Wireless Large AI Model: Shaping the AI-Native Future of 6G and Beyond

TL;DR

This survey defines wireless large AI models (WLAM) as foundation-scale AI systems embedded in 6G and beyond, outlining a dual, synergistic relationship: AI-native networks leverage WLAMs as network brains, while wireless infrastructure enables scalable AI training and inference. It presents a comprehensive taxonomy of WLAM fundamentals (architectures, data pipelines, RL, fine-tuning, inference, multimodal alignment, and deployment) and surveys WLAM applications across physical, network, and semantic layers, including wireless agents and ISAC. The work further discusses how wireless technologies (edge intelligence, FL/SL/FSL, AirComp, and PLS) enable efficient WLAM operation, and examines emerging technologies (PINNs, hypernetworks, next-gen sequence models, HDC, quantum ML) that could shape future WLAMs. Finally, it identifies high-level challenges—datasets, standardization, energy efficiency, security/privacy, and channel effects on training—and outlines future directions toward edge-native AI, trustworthy autonomous WLAMs, and physics-informed integration.
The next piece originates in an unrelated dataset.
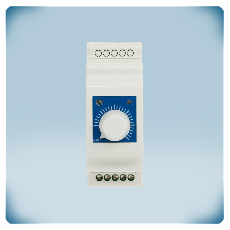 Kaip valdyti ventiliatorių su vienfaziu AC varikliu? Šis ant DIN bėgelio montuojamas greičio reguliatorius yra sukurtas AC ventiliatoriams valdyti greitį per integruotą potenciometro rankenėlę. Išjungtoje padėtyje variklis išjungtas. Pasukus potenciometrą pagal laikrodžio rodyklę padidės varikliui paduodama įtampa, dėl ko padidės ventiliatoriaus greitis

The paper argues that achieving AI-native 6G hinges on holistic, cross-layer design that unifies advanced ML with robust wireless infrastructure. Its findings underscore the practical significance of WLAM in achieving automated, scalable, and semantically-aware wireless networks that can adapt to dynamic environments and diverse services.

Abstract

The emergence of sixth-generation and beyond communication systems is expected to fundamentally transform digital experiences through introducing unparalleled levels of intelligence, efficiency, and connectivity. A promising technology poised to enable this revolutionary vision is the wireless large AI model (WLAM), characterized by its exceptional capabilities in data processing, inference, and decision-making. In light of these remarkable capabilities, this paper provides a comprehensive survey of WLAM, elucidating its fundamental principles, diverse applications, critical challenges, and future research opportunities. We begin by introducing the background of WLAM and analyzing the key synergies with wireless networks, emphasizing the mutual benefits. Subsequently, we explore the foundational characteristics of WLAM, delving into their unique relevance in wireless environments. Then, the role of WLAM in optimizing wireless communication systems across various use cases and the reciprocal benefits are systematically investigated. Furthermore, we discuss the integration of WLAM with emerging technologies, highlighting their potential to enable transformative capabilities and breakthroughs in wireless communication. Finally, we thoroughly examine the high-level challenges hindering the practical implementation of WLAM and discuss pivotal future research directions.

Paper Structure

This paper contains 183 sections, 35 equations, 19 figures, 9 tables.

Figures (19)

  • Figure 1: The synergistic relationship between Large AI for Wireless and Wireless for Large AI. The top half illustrates the top-down optimization where AI acts as the network brain, while the bottom half depicts the bottom-up infrastructure support provided by the wireless network for AI training and inference.
  • Figure 2: The outline of this survey.
  • Figure 3: The KPIs for WLAM.
  • Figure 4: The outline of Section 2.
  • Figure 5: Advanced reinforcement learning algorithms.